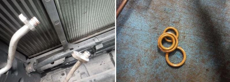 コンデンサー側フロンパイプガスケット新品交換。
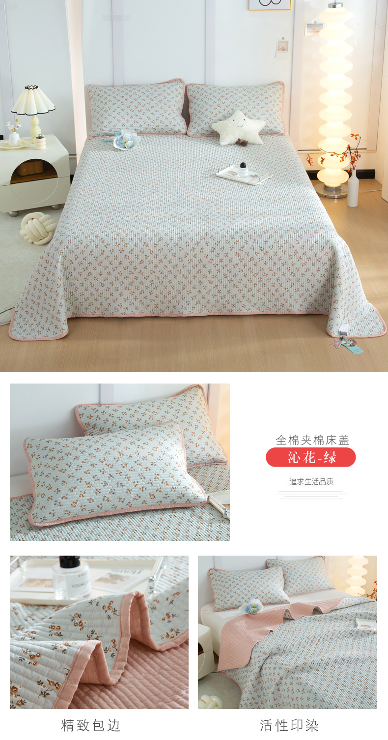 商品名称:橙子家居 2024新款高温水洗双面全棉纯棉斜纹13372印花款单品床盖(风格二) 沁花-绿
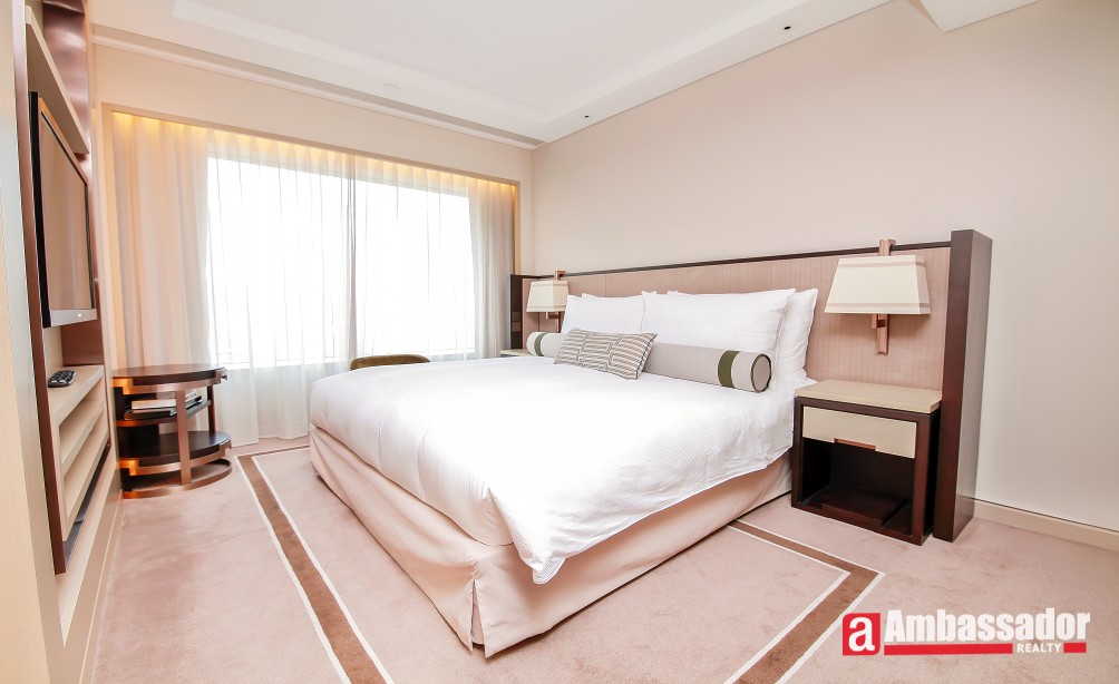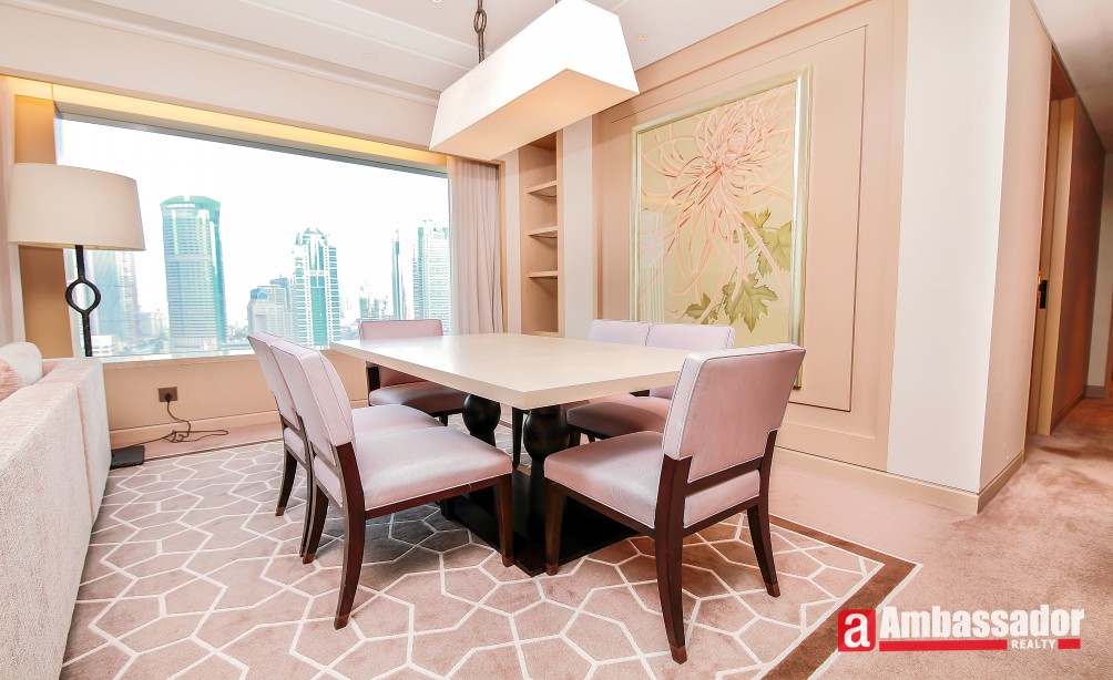 Well design serviced apartment located in Lujiazui, Shanghai offers exceptional facilities including 24-hour security and CCTV system, fully equipped gym, heated swimming pool, etc. It provides comfortable and elegant furniture used in each room and soft carpet covered. Magnificent view of Huangpu River or landscape can be see through the French window in the spacious living room. Exquisite marble counter and selected appliance are available in the open kitchen. All the three rooms are placed soft beds, bring you a joyous sleeping time.
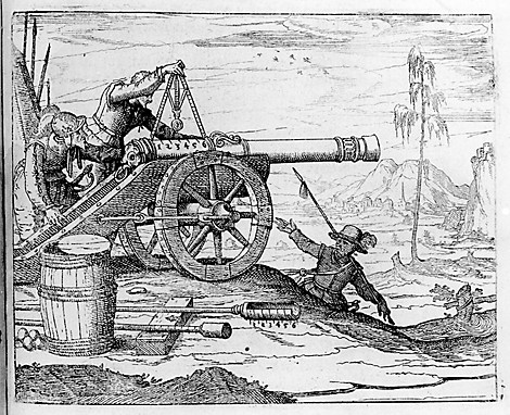 Figure 8: Gunners at work measuring a barrel, with matching ladle in the foreground.
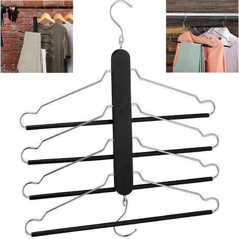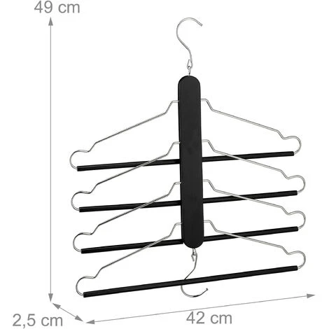 Il vostro armadio è ancora una volta stracolmo di indumenti? Le grucce si incastrano le une nelle altre e non è più possibile capire su quale stampella è appeso ogni singolo indumento? Grazie a questa gruccia multipla finalmente potete fare ordine ed avere una visuale organizzata del vostro armadio. L’appendino dispone di 2 ganci mobili, che consentono di usarlo in svariati modi. Appendete la stampella in verticale o in orizzontale per utilizzare lo spazio disponibile nell’armadio. Le 4 grucce sono girevoli e mantengono la posizione desiderata, niente di più pratico!
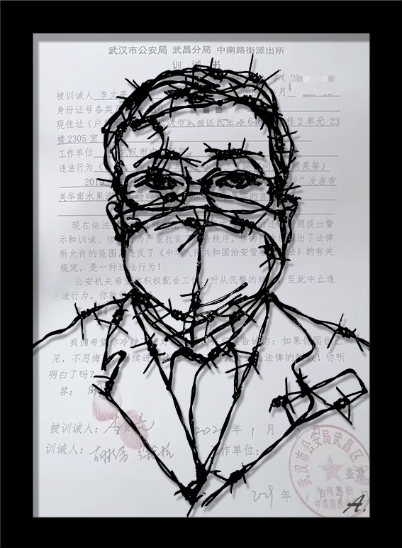 唯獨李文亮醫生留下了姓名,那是他2020年1月3日,因為4天前(2019年12月30日),他在微信群“武漢大學臨床04級”發了“華南和水果海鮮市場發現7例SARS”,和一張檢測報告,一張患者肺部CT圖,隨後補充說:“最新消息是冠狀病毒感染確定了,正在進行病毒分型”;最後解釋了冠狀病毒的由來。被作為”不實“言論,被傳喚到武漢市公安局武昌分局中南路街派出所,接受警方訓誡後在訓誡書上的簽名,名字上還讓按上紅手印。警方在訓誡書里白紙黑字警示他:"如果你固執己見,不思悔改,繼續進行違法活動,你將會受到法律的制裁!你聽明白了嗎?"他必須在“答”字後邊寫上:“明白”,也得按上紅手印。
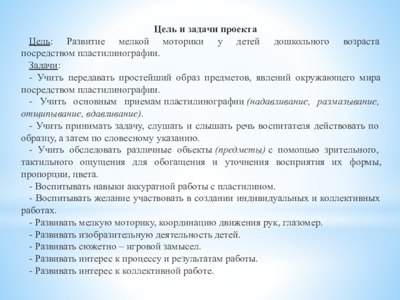 Цель: Развитие мелкой моторики у детей дошкольного возраста посредством пластилинографии.
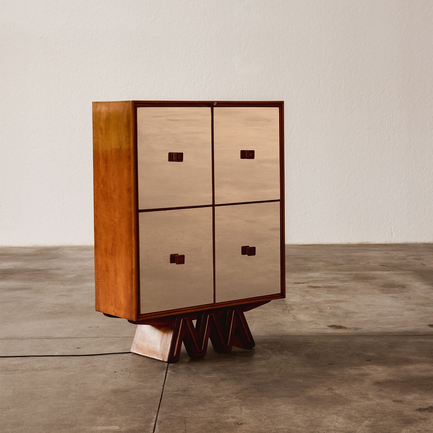 The creative mind merged with the art of craftsmanship of Osvaldo Borsani is explicitly visible in this Art Deco mirrored bar cabinet, a unique piece custom-made for a Villa in 1939 in Lake Como, Italy. Inspired by the model “5142” and entirely hand-made, this cabinet is perched elegantly on a wooden carved Decò wave base, showing timeless sophistication. The powerful Ace of Spades detail on each handle adds a touch of intrigue, reminiscent of an era filled with mystery and allure. Crafted with mid-century modern charm, its glass and mirrored surfaces capture the essence of opulence. Internal vertical golden mosaic strips adorn the polished mahogany structure, while a delicate feather door reveals its inner treasures. Inside, Borsani showcases a meticulously designed layout with four compartments and an exquisite retractable crystal shelf. Gilt brass fittings add a regal finish, merging modernity with vintage glamour. While also other renowned Italian designers of the age, like Gio Ponti and Paolo Buffa, produced some cabinets, none of them could reach the grace and ability of Osvaldo Borsani. This bespoke cabinet effortlessly complements various decor styles, making it a coveted classy centerpiece for any ambiance.
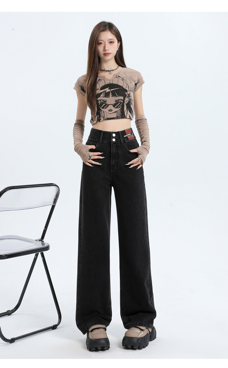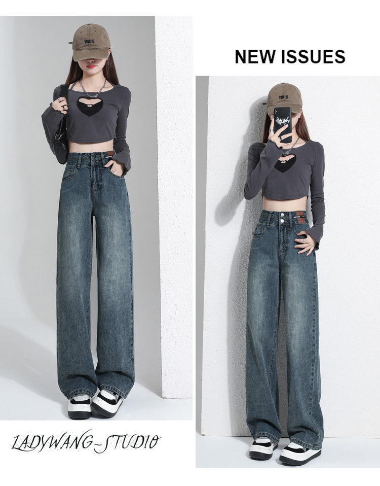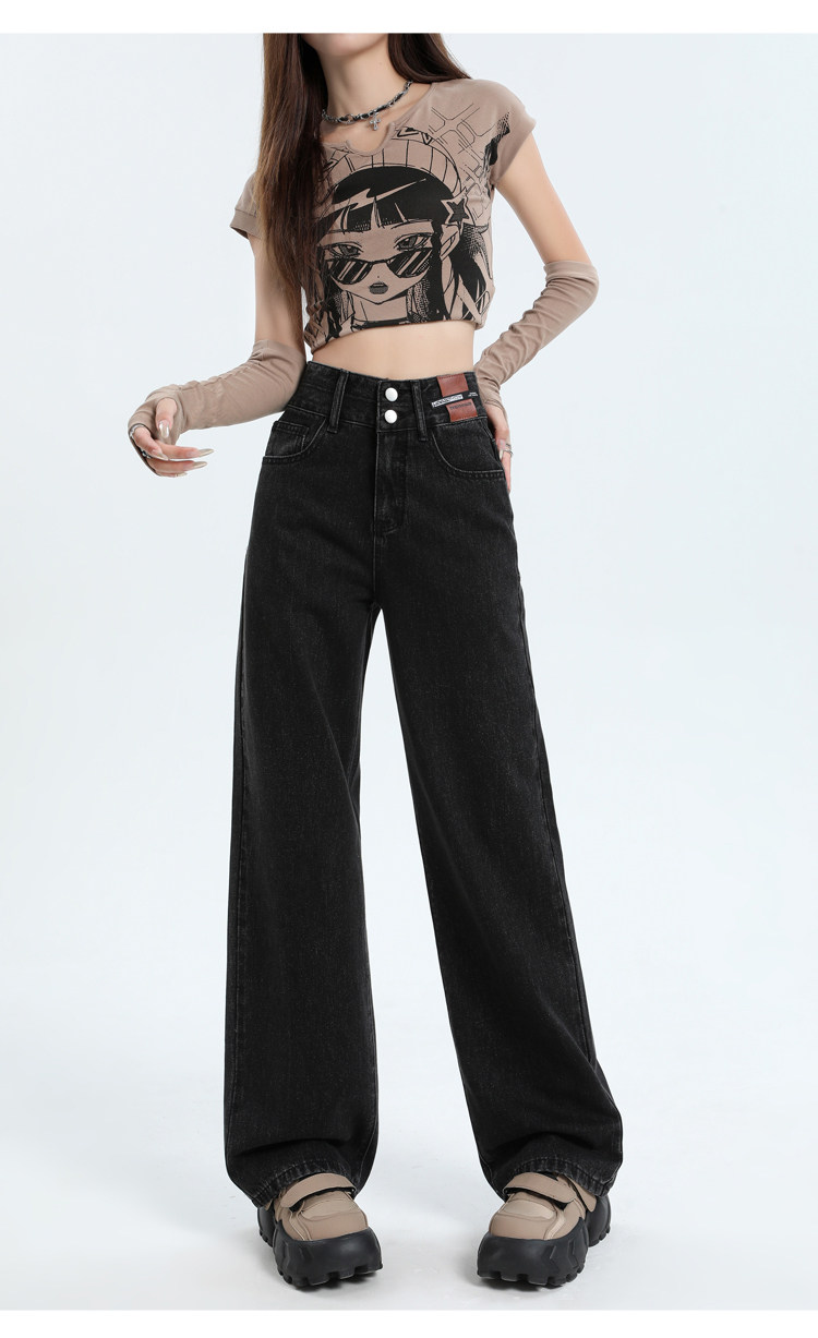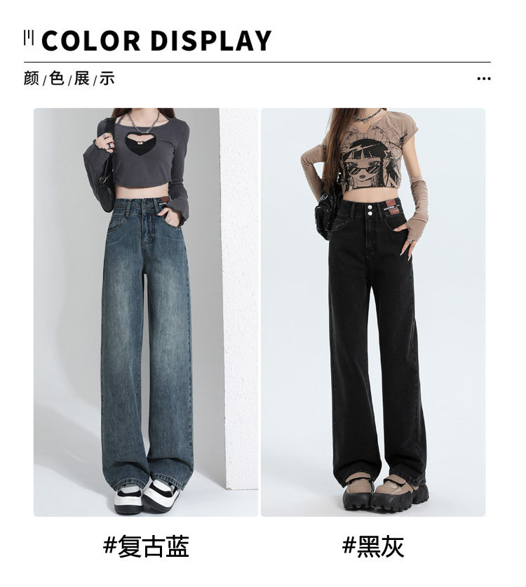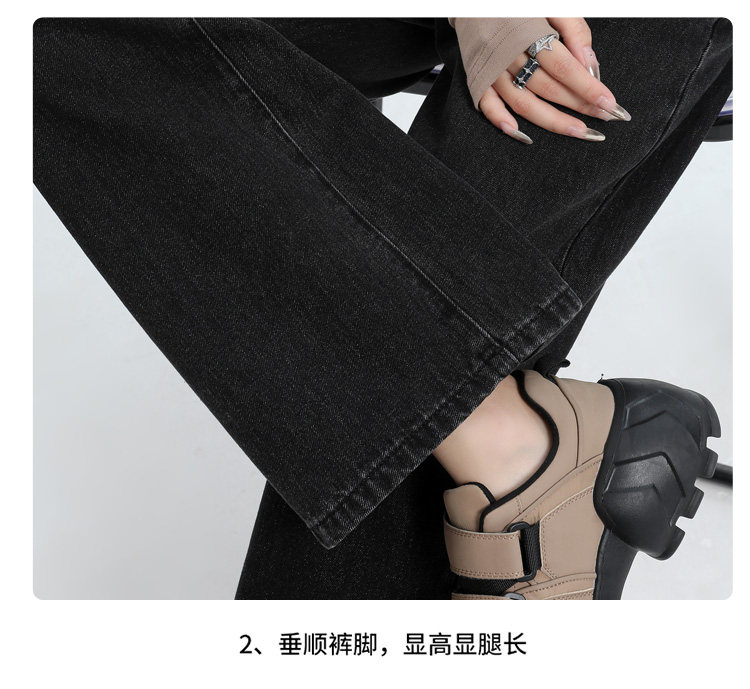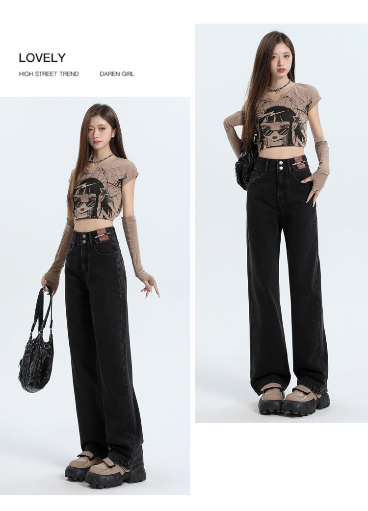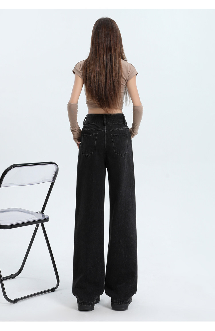 真維斯 JEANS復古窄版濶腿牛仔褲女春季新款高腰顯瘦小個子直筒褲

________________________________________

#### Work instructions
Without the pictures, copy the entries from their first line through the line containing "Figure 8: Gunners", and only those lines.

#### Answer to this task
 コンデンサー側フロンパイプガスケット新品交換。
 商品名称:橙子家居 2024新款高温水洗双面全棉纯棉斜纹13372印花款单品床盖(风格二) 沁花-绿
 Well design serviced apartment located in Lujiazui, Shanghai offers exceptional facilities including 24-hour security and CCTV system, fully equipped gym, heated swimming pool, etc. It provides comfortable and elegant furniture used in each room and soft carpet covered. Magnificent view of Huangpu River or landscape can be see through the French window in the spacious living room. Exquisite marble counter and selected appliance are available in the open kitchen. All the three rooms are placed soft beds, bring you a joyous sleeping time.
 Figure 8: Gunners at work measuring a barrel, with matching ladle in the foreground.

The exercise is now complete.